No sustainable mobility solutions without access to the right infrastructure
Besides the efforts needed to move towards more renewable and sustainable energy, we should also address the connection between the new mobility approach and infrastructure.
At the EU level, this is covered by the Alternative Fuels Infrastructure Regulation (AFIR), which sets out rules for charging and refuelling points along key EU transport corridors (known as the TEN-T network). A vote on AFIR is due in the Parliament’s transport committee in October, having been postponed from July.
According to a recently published research paper by McKinsey for the European automotive industry association ACEA, a network of up to 6.8m public charging points would be required across the EU by 2030 to meet the European Commission’s proposed 55% CO2 reduction for cars.

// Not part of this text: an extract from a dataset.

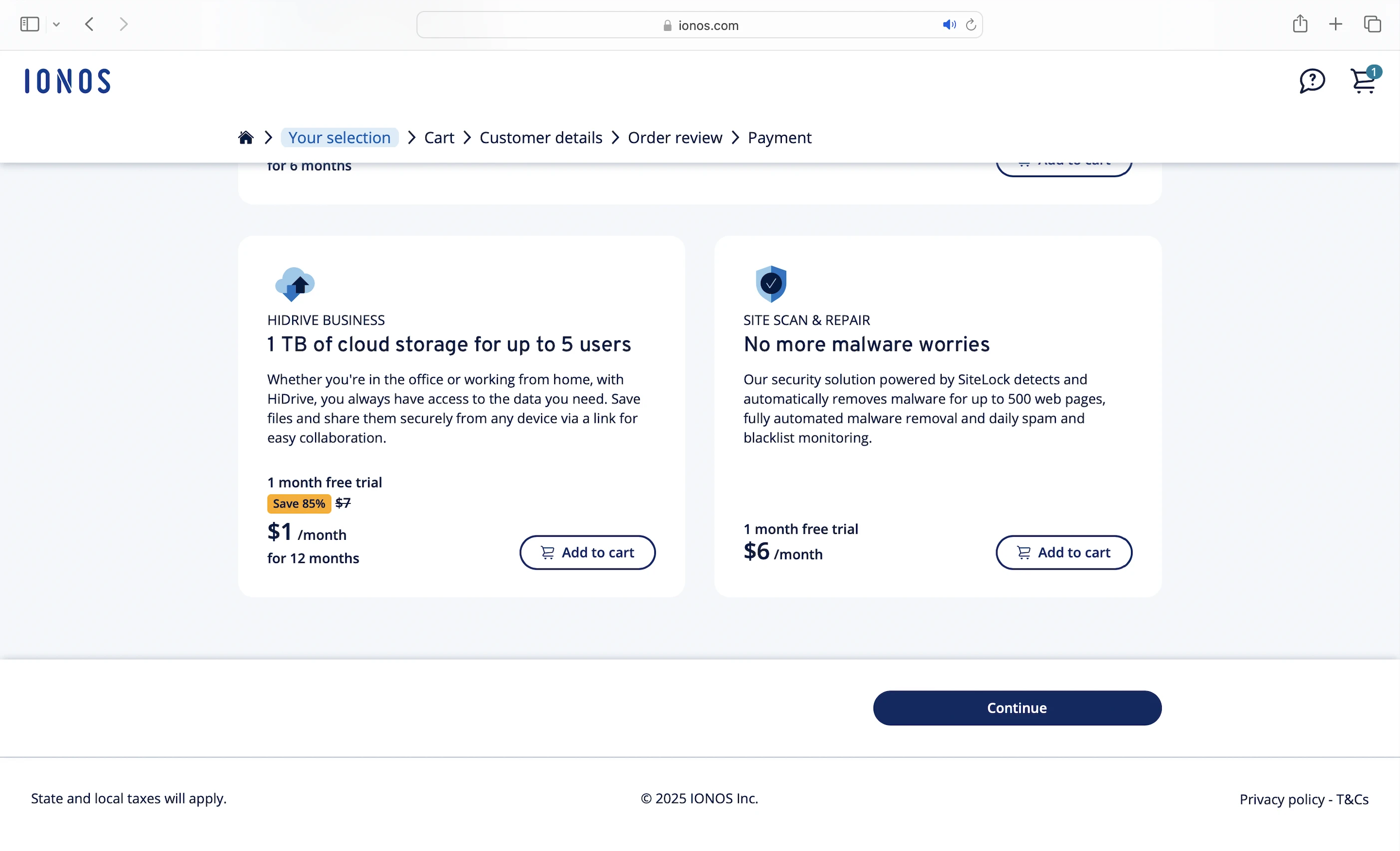 Like HostGator’s, IONOS’ website gives the impression that malware scanning (SiteLock) is included for free with its hosting plans. I got my plan expecting this, only to find out it’s actually a paid add-on.

This figure is already almost twice that put forward in the AFIR proposal, and miles away from the 300,000 charging points available today, it is therefore quite clear that this proposal should be reinforced rather than weakened.
The planned review of the Energy Performance of Buildings Directive (EPBD), which complements AFIR by focusing on charging facilities at home and at work, will also be important to enable more convenient recharging of vehicles.
The connection between the future of mobility and the future of infrastructure is even stronger in the context of the transition to more digital mobility systems and solutions; the expansion of 5G across the TEN-T network should enable faster communication between vehicles and between vehicles and infrastructure. Multimodal transport solutions will only be possible if we create the right data sharing infrastructure; this should not only include a seamless cross-border exchange of data between public transport operators and private operators, but also between vehicle manufacturers and other service providers. The proposed Data Act should help to create a first framework but may need to be complemented by more specific rules or guidelines to access vehicle related data, as planned by the European Commission.
Commercial transport & logistics could also benefit from more harmonized rules for interoperable data sharing.
Intelligent transport systems increasing safe mobility will benefit from the Commission’s proposals to ensure a more harmonized approach across the EU.
While cooperative and connected mobility is well underway, automation is still progressing slowly: the Implementing Act adopted recently to authorize automated driving systems is just a beginning with a rather narrow scope focusing on urban mobility solutions through autonomous driving shuttles. It is a first step but not sufficient to deliver the objective set by the Commission in their smart and sustainable mobility strategy to have automated mobility at a large scale by 2030. One of the outstanding questions for Europe will be whether we will enable automated driving only in certain locations or along certain lanes (which would often require an infrastructure intervention), or whether fully automated driving should be mixed with existing transport modes without any additional infrastructure intervention, as already applicable in certain states in the US.
The challenges and opportunities ahead of us are immense, but will always require a connected approach, whereby policy or regulation for future mobility solutions will have to go hand in hand with the right enabling renewable energy and infrastructure support.
That is why this week European Mobility week focuses rightly on ensuring BETTER CONNECTIONS.